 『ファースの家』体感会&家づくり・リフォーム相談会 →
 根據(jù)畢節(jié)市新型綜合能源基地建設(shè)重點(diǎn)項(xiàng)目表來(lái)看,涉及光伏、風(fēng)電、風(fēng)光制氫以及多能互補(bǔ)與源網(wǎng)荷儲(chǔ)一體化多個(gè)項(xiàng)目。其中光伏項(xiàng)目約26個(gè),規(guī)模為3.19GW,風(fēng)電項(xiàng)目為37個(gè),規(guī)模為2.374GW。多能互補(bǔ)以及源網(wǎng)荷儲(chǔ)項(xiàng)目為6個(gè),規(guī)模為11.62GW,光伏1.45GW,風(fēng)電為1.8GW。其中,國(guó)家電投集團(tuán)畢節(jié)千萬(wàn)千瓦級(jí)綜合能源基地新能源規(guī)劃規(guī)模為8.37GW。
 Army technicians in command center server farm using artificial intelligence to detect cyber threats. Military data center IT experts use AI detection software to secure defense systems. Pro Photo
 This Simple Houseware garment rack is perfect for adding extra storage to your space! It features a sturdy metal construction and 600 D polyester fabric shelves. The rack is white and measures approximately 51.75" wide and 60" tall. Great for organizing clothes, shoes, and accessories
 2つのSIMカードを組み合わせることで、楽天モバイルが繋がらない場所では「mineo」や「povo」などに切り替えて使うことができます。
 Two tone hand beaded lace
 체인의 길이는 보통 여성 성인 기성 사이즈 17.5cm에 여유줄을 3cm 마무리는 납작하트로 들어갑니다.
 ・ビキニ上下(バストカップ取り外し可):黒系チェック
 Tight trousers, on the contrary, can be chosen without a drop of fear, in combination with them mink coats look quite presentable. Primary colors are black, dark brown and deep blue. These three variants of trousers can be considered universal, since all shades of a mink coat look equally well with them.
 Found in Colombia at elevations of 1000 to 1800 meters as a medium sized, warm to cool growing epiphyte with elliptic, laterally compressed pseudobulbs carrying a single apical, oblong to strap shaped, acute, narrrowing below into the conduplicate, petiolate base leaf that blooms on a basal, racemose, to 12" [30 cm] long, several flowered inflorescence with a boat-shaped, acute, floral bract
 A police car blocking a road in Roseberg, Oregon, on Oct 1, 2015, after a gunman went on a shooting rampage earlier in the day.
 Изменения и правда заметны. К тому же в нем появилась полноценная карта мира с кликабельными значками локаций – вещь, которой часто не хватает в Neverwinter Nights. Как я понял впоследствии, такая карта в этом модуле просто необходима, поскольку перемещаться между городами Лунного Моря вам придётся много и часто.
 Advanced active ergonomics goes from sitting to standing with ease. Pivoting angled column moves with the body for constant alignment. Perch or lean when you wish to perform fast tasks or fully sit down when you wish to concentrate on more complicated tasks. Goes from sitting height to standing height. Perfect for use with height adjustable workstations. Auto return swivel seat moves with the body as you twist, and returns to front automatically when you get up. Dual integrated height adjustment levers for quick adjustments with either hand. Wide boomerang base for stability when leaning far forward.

◆ **TASK PROMPT**
The line with "Tight trousers, on" is the last to include; transcribe exactly every line from the top of the material above down to it.

◆ **FINAL ANSWER**
 『ファースの家』体感会&家づくり・リフォーム相談会 →
 根據(jù)畢節(jié)市新型綜合能源基地建設(shè)重點(diǎn)項(xiàng)目表來(lái)看,涉及光伏、風(fēng)電、風(fēng)光制氫以及多能互補(bǔ)與源網(wǎng)荷儲(chǔ)一體化多個(gè)項(xiàng)目。其中光伏項(xiàng)目約26個(gè),規(guī)模為3.19GW,風(fēng)電項(xiàng)目為37個(gè),規(guī)模為2.374GW。多能互補(bǔ)以及源網(wǎng)荷儲(chǔ)項(xiàng)目為6個(gè),規(guī)模為11.62GW,光伏1.45GW,風(fēng)電為1.8GW。其中,國(guó)家電投集團(tuán)畢節(jié)千萬(wàn)千瓦級(jí)綜合能源基地新能源規(guī)劃規(guī)模為8.37GW。
 Army technicians in command center server farm using artificial intelligence to detect cyber threats. Military data center IT experts use AI detection software to secure defense systems. Pro Photo
 This Simple Houseware garment rack is perfect for adding extra storage to your space! It features a sturdy metal construction and 600 D polyester fabric shelves. The rack is white and measures approximately 51.75" wide and 60" tall. Great for organizing clothes, shoes, and accessories
 2つのSIMカードを組み合わせることで、楽天モバイルが繋がらない場所では「mineo」や「povo」などに切り替えて使うことができます。
 Two tone hand beaded lace
 체인의 길이는 보통 여성 성인 기성 사이즈 17.5cm에 여유줄을 3cm 마무리는 납작하트로 들어갑니다.
 ・ビキニ上下(バストカップ取り外し可):黒系チェック
 Tight trousers, on the contrary, can be chosen without a drop of fear, in combination with them mink coats look quite presentable. Primary colors are black, dark brown and deep blue. These three variants of trousers can be considered universal, since all shades of a mink coat look equally well with them.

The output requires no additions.